To see why this minimum principle implies the rule above consider the set of natural numbers which, when substituted for all free occurrences of \({ V }\) in \({ P }\), yield a false statement. If there are any then there’s a least one. It can’t be 0 because \({ Q }\) is true. If it’s not zero then it’s the successor of some natural number. Call that number \({ x }\). So substituting \({ x ' }\) for \({ V }\) in \({ P }\) gives a false statement. But \({ x ' }\) was the least number with this property so substituting \({ x }\) would give a true statement. Substituting \({ x ' }\) for \({ V }\) in \({ P }\) is the same as substituting \({ x }\) for \({ V }\) in \({ R }\) though and we have \({ [ ∀ V . ( P ⊃ R ) ] }\). Substituting \({ x }\) for \({ V }\) in this, which we are allowed to do by one of logical rules of inference for quantifiers, would give a contradiction, so our assumption that there is an integer which, when substituted into \({ P }\) for \({ V }\) makes the statement false is incorrect. In other words, substituting any value for \({ V }\) gives a true statement. But that’s the same as saying that \({ ( ∀ V . P ) }\) is true. So the minimum principle implies the principle of mathematical induction.
The reverse implication works as well. Suppose we have a set of natural numbers with no least element. Let \({ P }\) be the statement that no natural number less than the value represented by \({ V }\) belongs to the set. This is vacuously true when 0 is substituted for \({ V }\).
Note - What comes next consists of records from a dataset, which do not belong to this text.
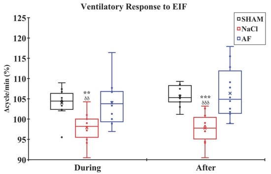 Ventilatory adjustment to 3 min EIF. The ventilatory activity significantly increased in the SHAM and AF groups during and after 3 min muscle stimulation of the Tibialis anterior muscle under local regional circulatory occlusion. Significant difference in the mean ventilatory frequency is indicated by * (NaCl group vs. SHAM group) or δ (NaCl group vs. AF group); 2 symbols, p < 0.01; and 3 symbols, p < 0.001. x and
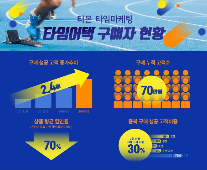 이미지 확대보기티몬은 타임어택을 통해 상품 구매에 성공한 고객이 행사 진행 첫달 대비 2.4배 늘었으며, 지금까지 누적 70만명에 달한다고 4일 밝혔다. 티몬은 지난해 11월 1일, LG노트북을 78% 할인된 9만9000원에 10대 판매하는 것을 시작으로 매일 5회에 걸쳐 타임어택 행사를 하고 있다.
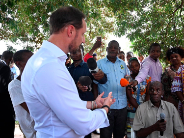 Kronprins Haakon i samtale med landsbyens eldste. Tilknytning til strømnettet vil gi store endringer og mange muligheter. Foto: Sven Gj. Gjeruldsen, Det kongelige hoff
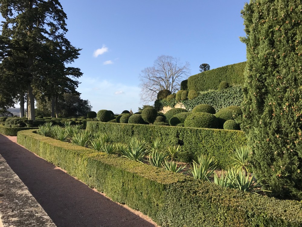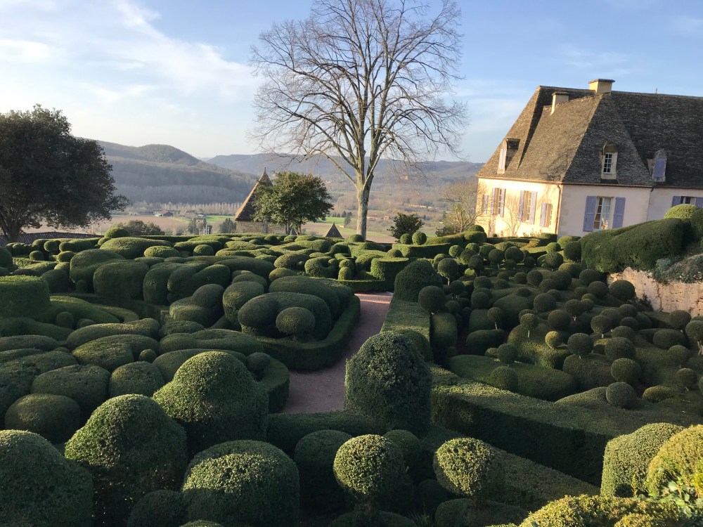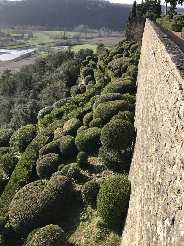 We repeated our hike to Vézac of a couple of weeks ago, but added on a visit to the gardens of Marqueyssac. These are up on top of a cliff, with fantastic views of the Dordogne valley.
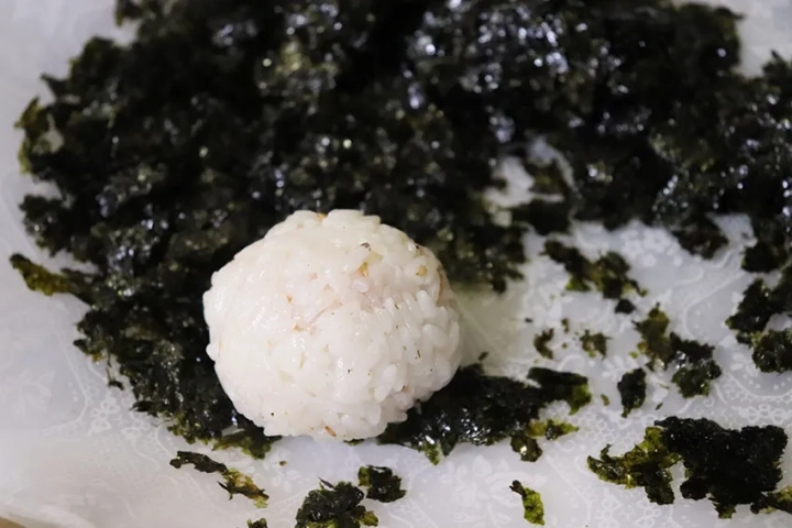 동그랗게 만들고 김가루에 여러번 굴려주면 완성~
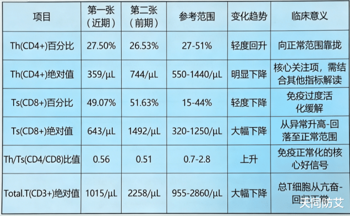 推行:CD8 的着落幅度(-56.8%)盛大于 CD4 的着落幅度(-51.7%),证据免疫失衡在抓续校正,是调理灵验的铁证。

Suppose it’s true for some other value. Then this value does not belong to the given set. If it did then it would be the least element of the set because the statement \({ P }\) tells us that no smaller number belongs to the set. Since there is no least element this can’t happen so the value \({ V }\) is not in the set. But then all numbers smaller than the value \({ V ' }\) are not in the set so from \({ P }\) we can deduce \({ P }\) with \({ V }\) replaced by \({ V ' }\), i.e. the statement we previously called \({ R }\). So we now have \({ Q }\) and \({ [ ∀ V . ( P ⊃ R ) ] }\) and therefore, by the principle of mathematical induction, \({ ( ∀ V . P ) }\). But \({ P }\) is the statement that no number less than \({ V }\) belongs to the set. This holds with \({ V }\) replaced by any numerical expression, including \({ x ' }\), where \({ x }\) is a variable. So no number less than \({ x ' };o\) belongs to the set and in particular \({ x }\) does not belong to the set. This holds for all natural numbers \({ x }\) so no natural number belongs to the set, which must therefore be empty. We’ve just seen that a set of natural numbers with no least element is necessarily empty. An equivalent way to say this is that every non-empty set of natural numbers has a least element, which is our minimum principle.
The proof above is an informal one. Indeed it can’t help but be informal. Our language for arithmetic has no notation for sets of natural numbers. We’ve seen how to express particular sets in this language but that’s not sufficient for the minimum principle, which is a statement about all sets of natural numbers. So there’s no way within Peano arithmetic to state the minimum principle, let alone prove its equivalence to the principle of mathematical induction. Once we have a language which includes sets, like the one we’ll introduce in the next chapter, we can give a formal statement of the minimum principle.